Antarctic marine animals and plants have adapted to their unique environment. The seawater is cold, but the range varies little between seasons, and the amount of sediment entering the sea from the land is small and restricted to the time of the summer melt. As a result of their adaptation, the coastal marine plants and animals in Antarctica may vary from temperate species in their susceptibility to contaminants.
In the mid to late 1990s an intensive and multidisciplinary study of the potential impacts of nearshore marine contamination was initiated at Casey, and a diving program was established to facilitate the in-water collection of samples, establishment of experiments, and deployment of equipment.
In our research at Casey, marine benthic (sea floor) communities are compared at sites close to the old refuse tips and at sites nearby that are outside the influence of contamination (i.e. clean sites). Our aim is to determine whether contamination is responsible for changes in the diversity and distribution of species in two different communities:
- those animals that live within the marine sediments
- those plants and animals that live in association with the subtidal rocky reefs.

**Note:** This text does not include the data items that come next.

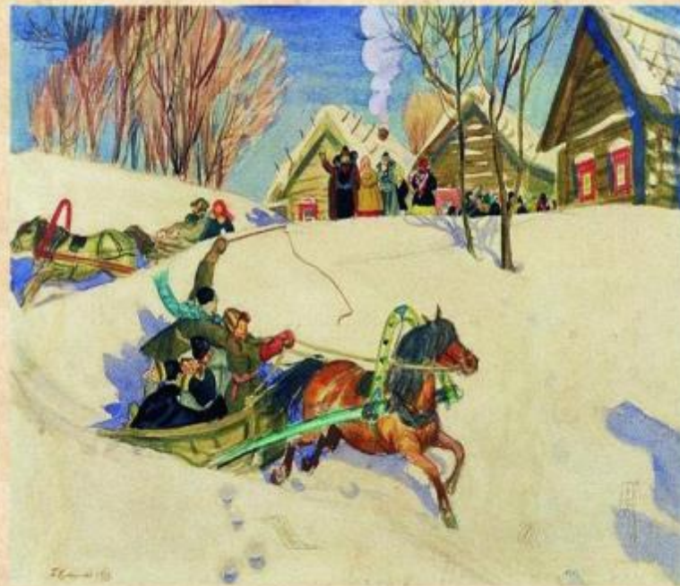
Четверг - РАЗГУЛ

Четверг «Разгуляй». В четверг люди устраивали традиционное катание на лошадях «по солнышку» (то есть, в направлении часовой стрелки вокруг деревни) - разумеется, чтобы помочь небесному светилу прогнать зиму окончательно. А главным «мужским» делом считалась оборона или взятие «снежного городка». Народ разбивался на две команды, причём одна занимала позиции весны, а вторая отчаянно «защищала» зиму. В конечном итоге весна обязательно побеждала.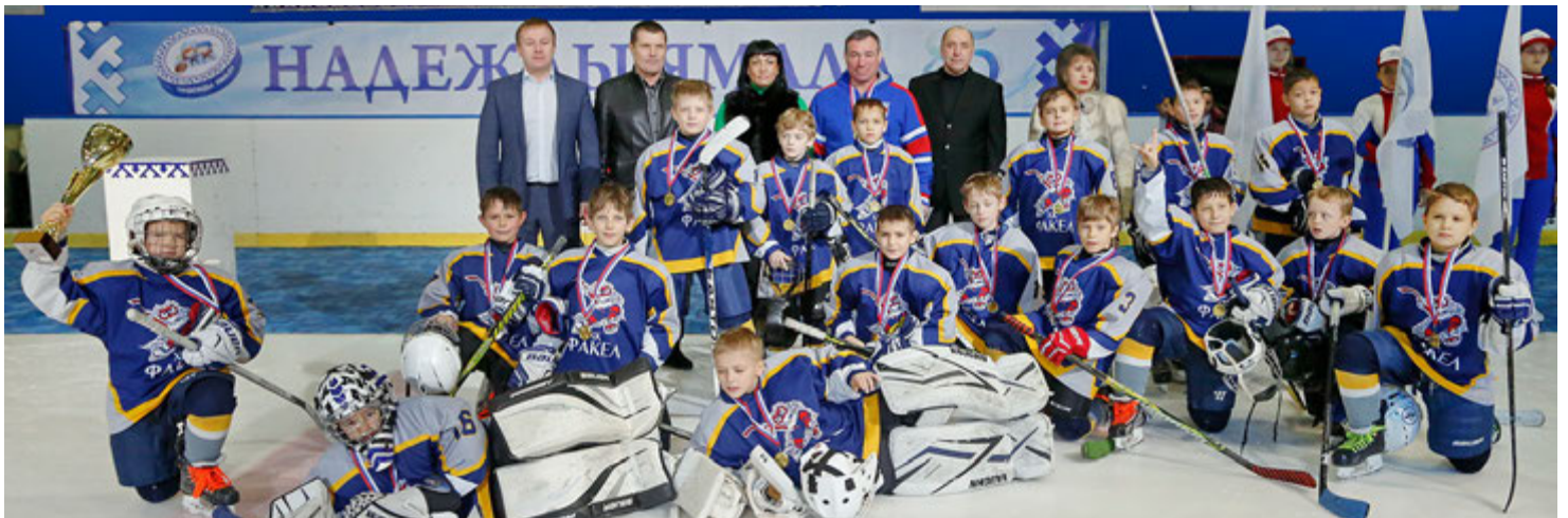
Новоуренгойский «Факел» — абсолютный победитель турнира!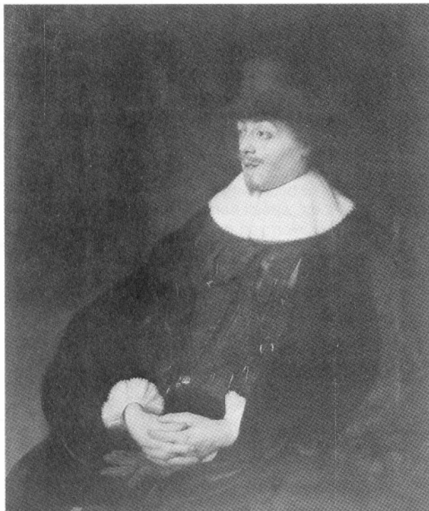
Jan Lievens, portret van Constantijn Huygens, 1628-29.

Huygens (1596-1687) staat bekend als wellicht de grootste calvinistische dichter uit het 17e-eeuwse Holland. Hij was een zeer geleerd man, kende z'n talen (waaronder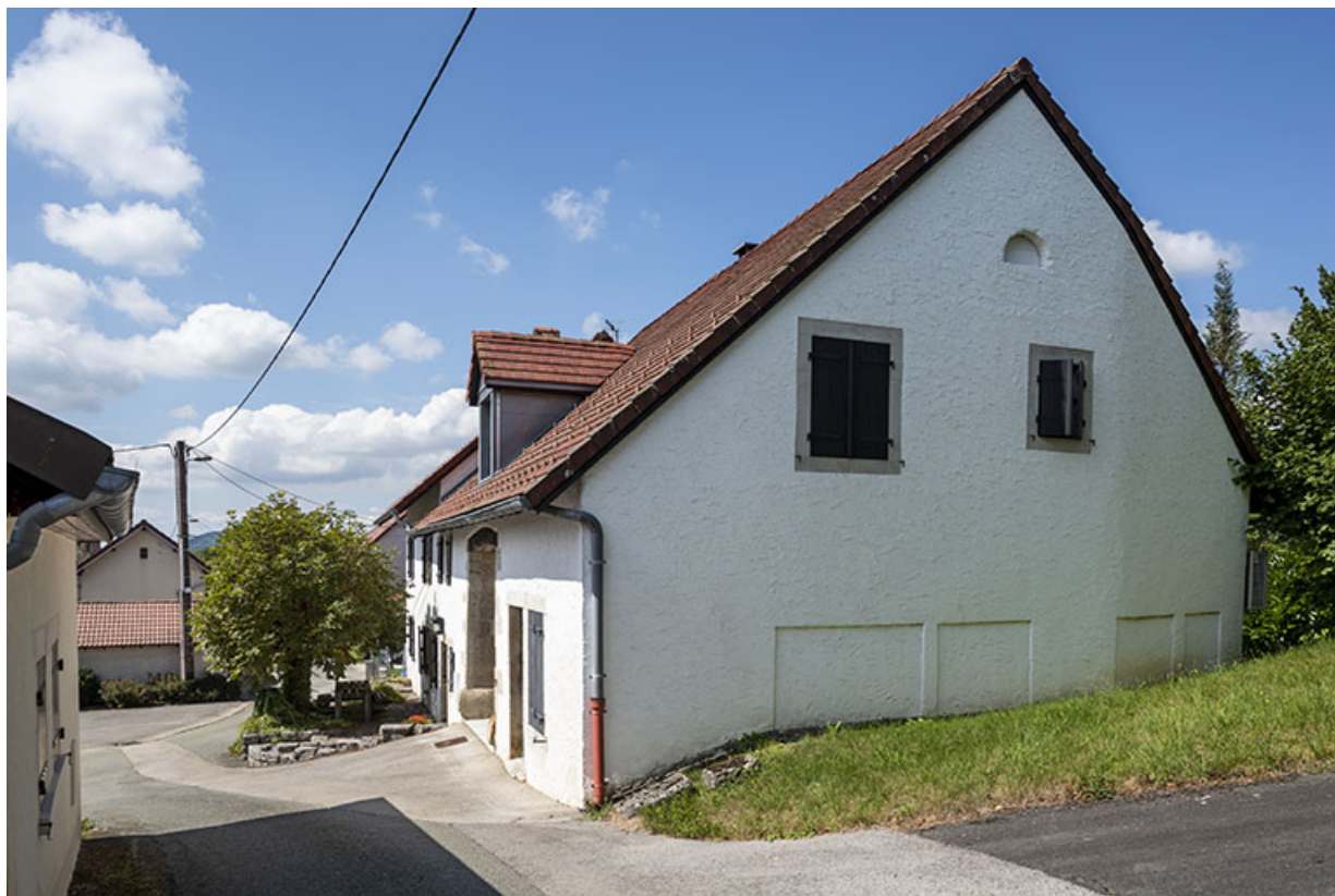
Ferme : façade latérale droite, montrant les fenêtres de l'ancienne forge (bouchées). 25, Montécheroux, 13-15 rue de la Pommeraie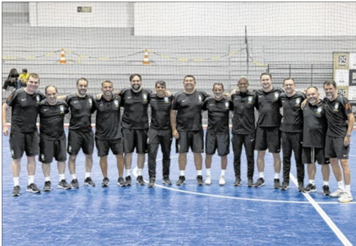
Comissões técnicas das Seleções Brasileiras de Futsal e de Beach Soccer durante o intercâmbio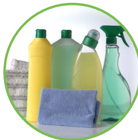
Wasch- und Reinigungsmittel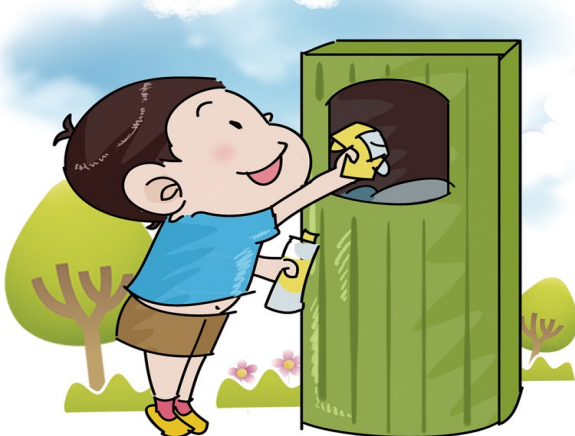
保护环境,从我做起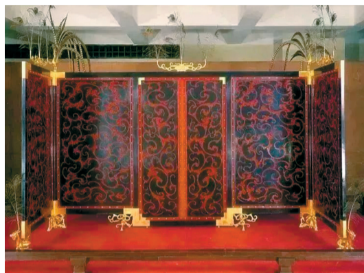
■漆木屏风(复原件),西汉南越国时期,1983年南越文王墓出土,南越王博物院藏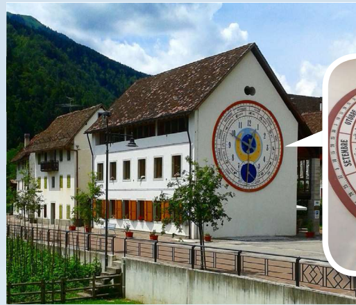
Lezersverhaal: Elbrich Bos

A major component of this research involves the collection and identification of the various marine plants and animals that are encountered around Casey.
Marine sediment communities
Soft sediments (sand, mud and silt) are found within most of the bays along the coast of Antarctica. The origin of the sediment is both terrestrial (from the land) and biological (remnants and by-products of marine plants and animals). A variety of small animals live within the sediment (infauna) and on its surface (epifauna), feeding on each other and on the organic matter that occurs in the sediment. Communities such as these are commonly used throughout the world as indicators of contamination.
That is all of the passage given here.